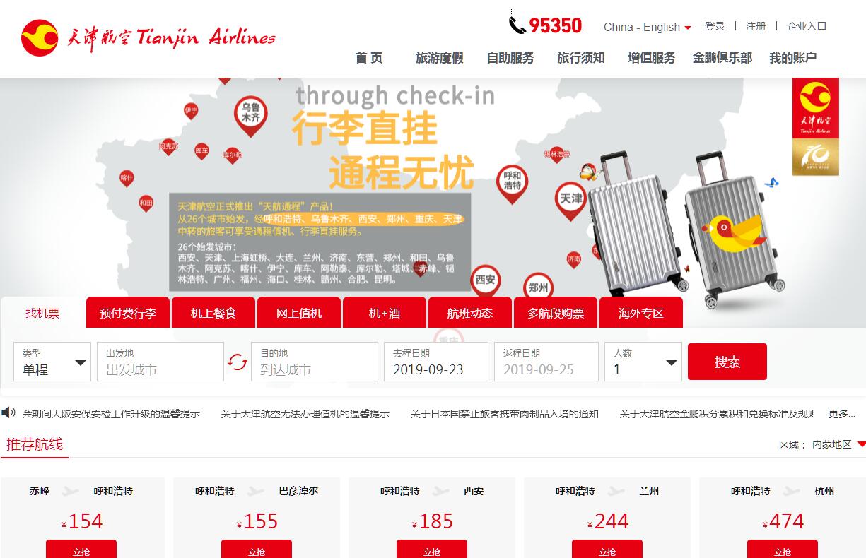 天津航空有限责任公司(简称“天津航空”)是世界500强海航集团的成员企业,于2009年6月8日挂牌成立,由海南航空和天津市政府共同出资组建,扎根环渤海地区经济中心的天津市。心之所想,天航所往。天津航空秉承“从你出发、亲近世界”的品牌定位,致力于提供便捷实用的产品和服务,以善解人意、热爱生活的态度与旅客共同创造美好的旅行体验,让世界更亲近。目前,天津航空拥有以A330、A320、E190等机型为主的年轻豪华机队,总机队规模近100架,逐步建立起包含天津、西安、呼和浩特、乌鲁木齐、贵阳等10大枢纽的区域航线网络,累计开通国际国内航线270余条,拥有超过40条国际航线,航线网络遍布全国,连接日本、韩国、俄罗斯、泰国等周边国家和地区,直飞英国、新西兰、澳大利亚,通航城市130余座,2017年旅客运输量达到1300余万人次。2017年,天津航空新开通天津=重庆=墨尔本、天津=西安=奥克兰、天津=郑州=悉尼等洲际航线,进一步丰富国际航线网络,国际化转型步伐加快。新时期,天津航空不断开通、健全覆盖更多大中型城市的中远程航线网络,构建国内国际航线网络布局,满足人们多元出行需求,打造具备区域主导竞争优势和一定国际影响力的航空公司。天津航空官方网站:www.tianjin-air.com,24小时客户服务热线:95350。
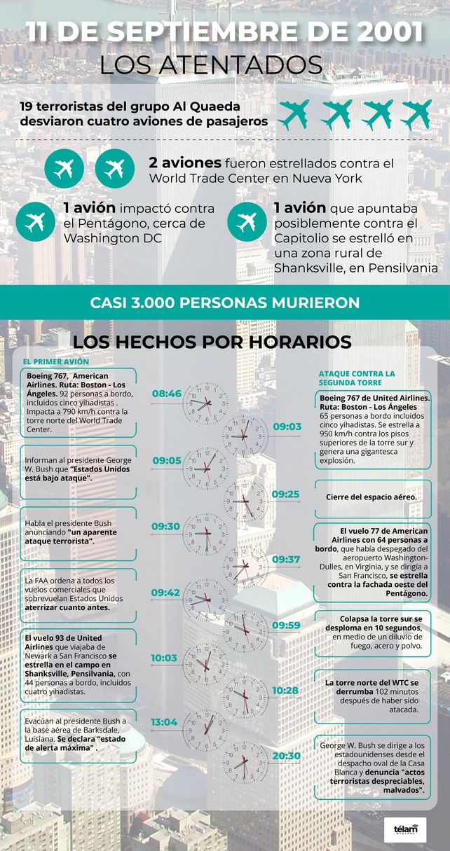 Cinco argentinos –un enfermero, un bombero y tres empresarios– murieron en los atentados del 11 de septiembre de 2001 (11-S) en Estados Unidos, que causaron alrededor de 3.000 muertos y marcaron un ante y un después para ese país y para el mundo entero.
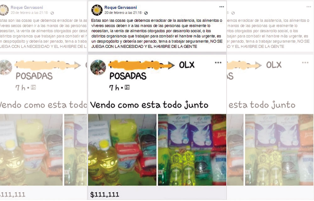 El diputado provincial Roque Gervasoni hizo una denuncia pública, a través de la red social Facebook, al ver que algunos ofrecen en los grupos de compra-venta la mercadería que es entregada por el Estado para la asistencia social.
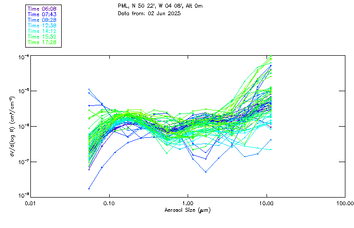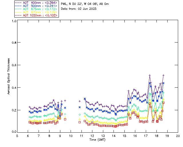 In May 2001 a PREDE POM01-L was installed on the roof of the Plymouth Marine Laboratory to continue the atmospheric correction research of the PML Remote Sensing Group. This was to replace the AERONET CIMEL sunphotometer situated at Rame Head which was decommissioned in 1999. The instrument operates at 7 wavelengths (315, 400, 500, 670, 870, 940 and 1020nm) and scans at pre-set angles away from the solar disk to determine, using the inversion code of Nakajima et al. (2006), various properties of tiny particles called aerosols within the atmospheric column. From these measurements useful atmospheric aerosol parameters such as the Aerosol Optical Thickness (AOT), aerosol size distribution and single scattering albedo can be calculated. Marine aerosols tend to be bigger (D > 1µm) than those generated over the land (0.01 < D < 1µm) and are of a different chemical composition; marine aerosols are salt particles whereas terrestrial aerosols are sulphate compounds.
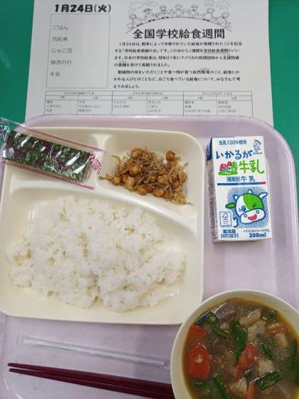 今日1月24日は、戦争によって中断されていた給食が、昭和21(1946)に再開されたことを記念する「学校給食感謝の日」だそうです。
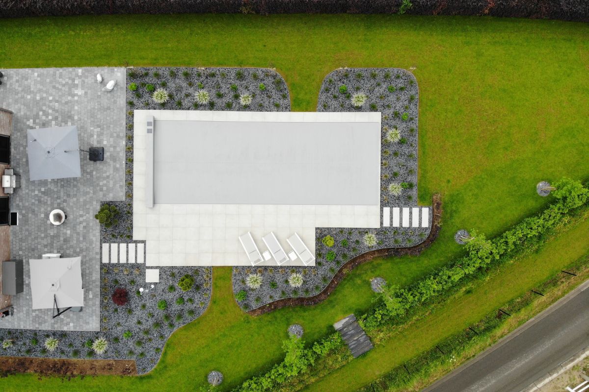 Der Wunsch des Kunden war einfach: das Schwimmbad sicher abdecken, weniger Arbeit haben und Energie sparen — ohne dass die Abdeckung den Garten dominiert. Genau das haben wir umgesetzt. Sauber geplant, präzise montiert, so unauffällig wie möglich.
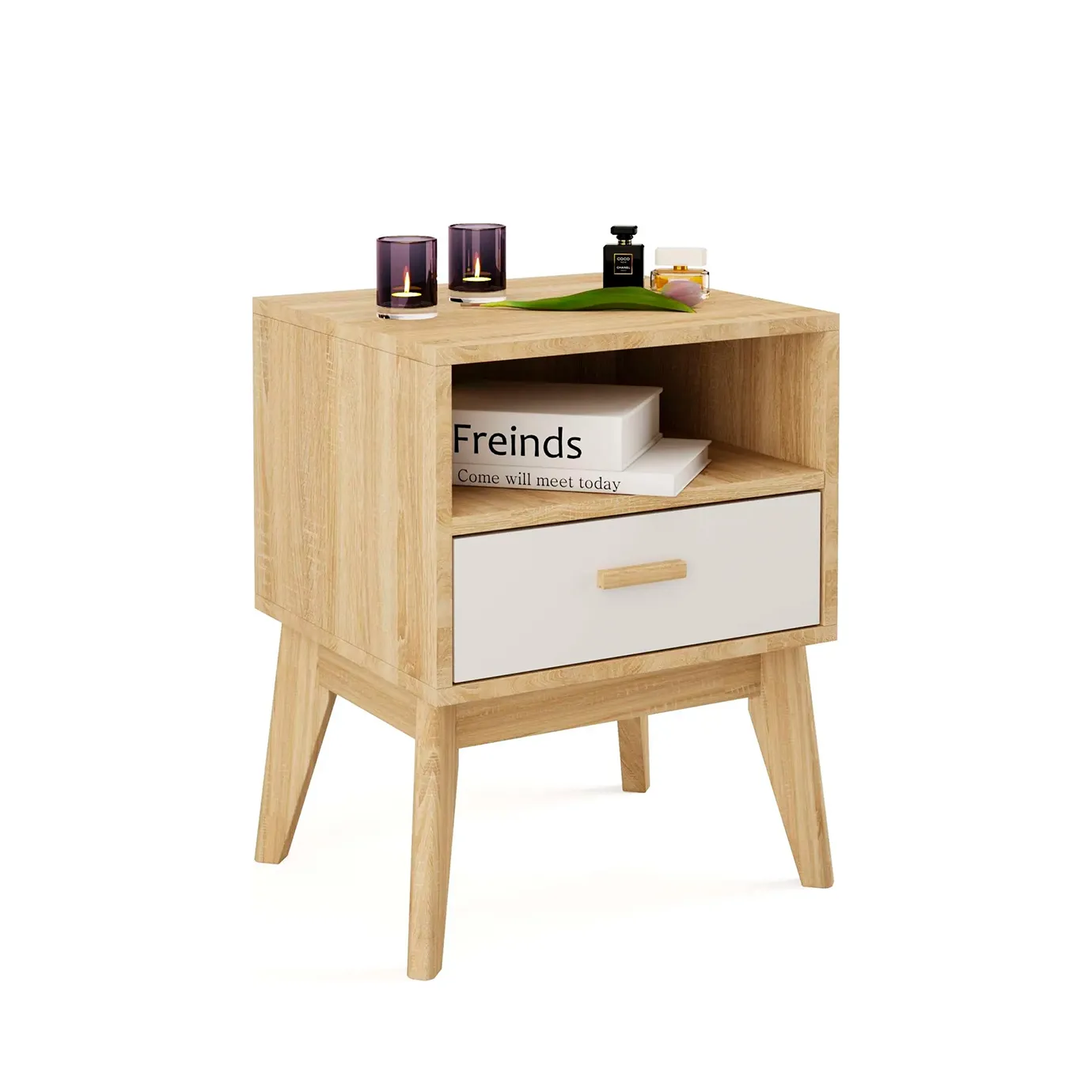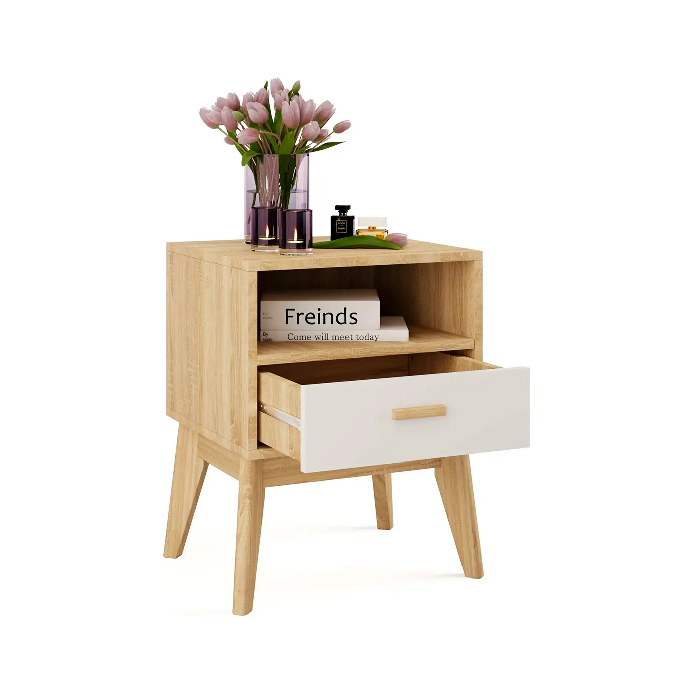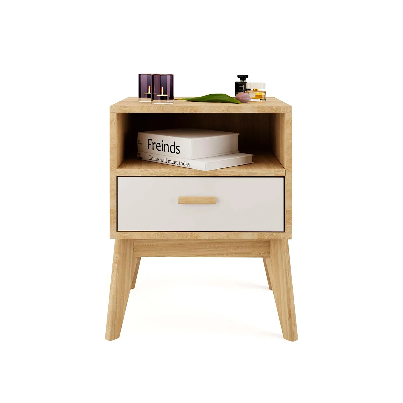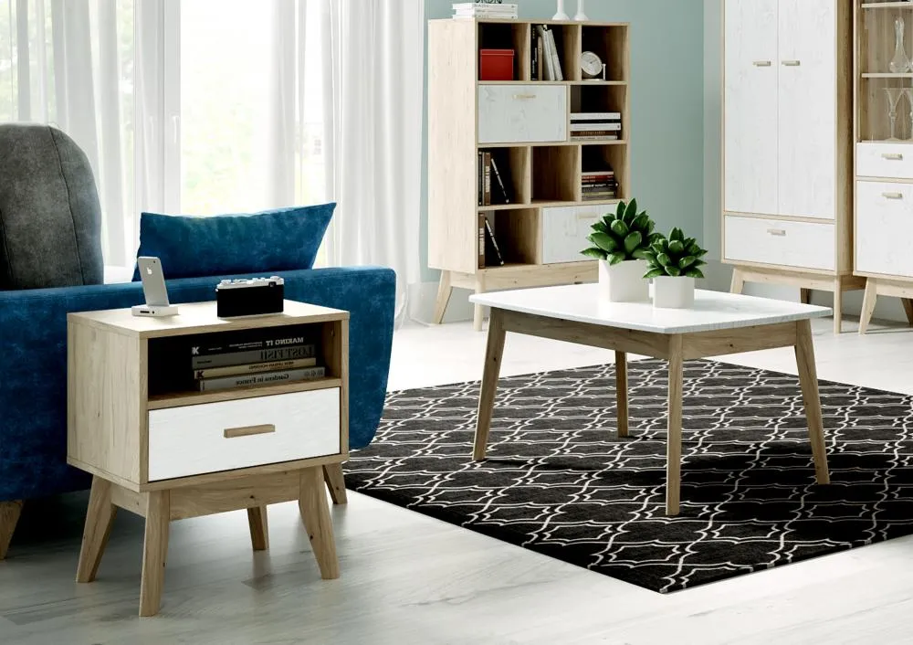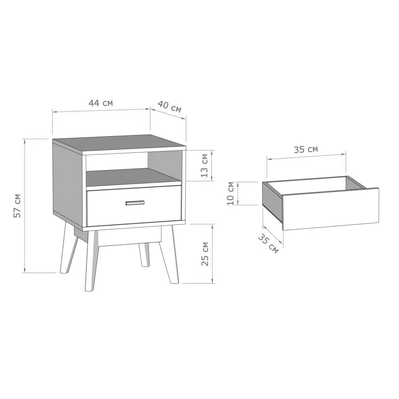 <virtues>Тумба приобреталась в комплекте со спальней Калгари. Пользоваться удобно, есть открытое и закрытое отделение. Ящик выдвигается плавно. Высокие ножки придают стиль Сканди, выглядит очень современно.</virtues> <limitations>Не обнаружены</limitations>
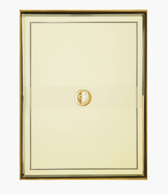- Each crisp stationery sheet features an embossed black border embellished with gloss highlights.

- What the exercise asks: Copy exactly what appears in the entries, beginning with the first line and ending with the line that has "El diputado provincial", but not the pictures.

- Result for this task:
 天津航空有限责任公司(简称“天津航空”)是世界500强海航集团的成员企业,于2009年6月8日挂牌成立,由海南航空和天津市政府共同出资组建,扎根环渤海地区经济中心的天津市。心之所想,天航所往。天津航空秉承“从你出发、亲近世界”的品牌定位,致力于提供便捷实用的产品和服务,以善解人意、热爱生活的态度与旅客共同创造美好的旅行体验,让世界更亲近。目前,天津航空拥有以A330、A320、E190等机型为主的年轻豪华机队,总机队规模近100架,逐步建立起包含天津、西安、呼和浩特、乌鲁木齐、贵阳等10大枢纽的区域航线网络,累计开通国际国内航线270余条,拥有超过40条国际航线,航线网络遍布全国,连接日本、韩国、俄罗斯、泰国等周边国家和地区,直飞英国、新西兰、澳大利亚,通航城市130余座,2017年旅客运输量达到1300余万人次。2017年,天津航空新开通天津=重庆=墨尔本、天津=西安=奥克兰、天津=郑州=悉尼等洲际航线,进一步丰富国际航线网络,国际化转型步伐加快。新时期,天津航空不断开通、健全覆盖更多大中型城市的中远程航线网络,构建国内国际航线网络布局,满足人们多元出行需求,打造具备区域主导竞争优势和一定国际影响力的航空公司。天津航空官方网站:www.tianjin-air.com,24小时客户服务热线:95350。
 Cinco argentinos –un enfermero, un bombero y tres empresarios– murieron en los atentados del 11 de septiembre de 2001 (11-S) en Estados Unidos, que causaron alrededor de 3.000 muertos y marcaron un ante y un después para ese país y para el mundo entero.
 El diputado provincial Roque Gervasoni hizo una denuncia pública, a través de la red social Facebook, al ver que algunos ofrecen en los grupos de compra-venta la mercadería que es entregada por el Estado para la asistencia social.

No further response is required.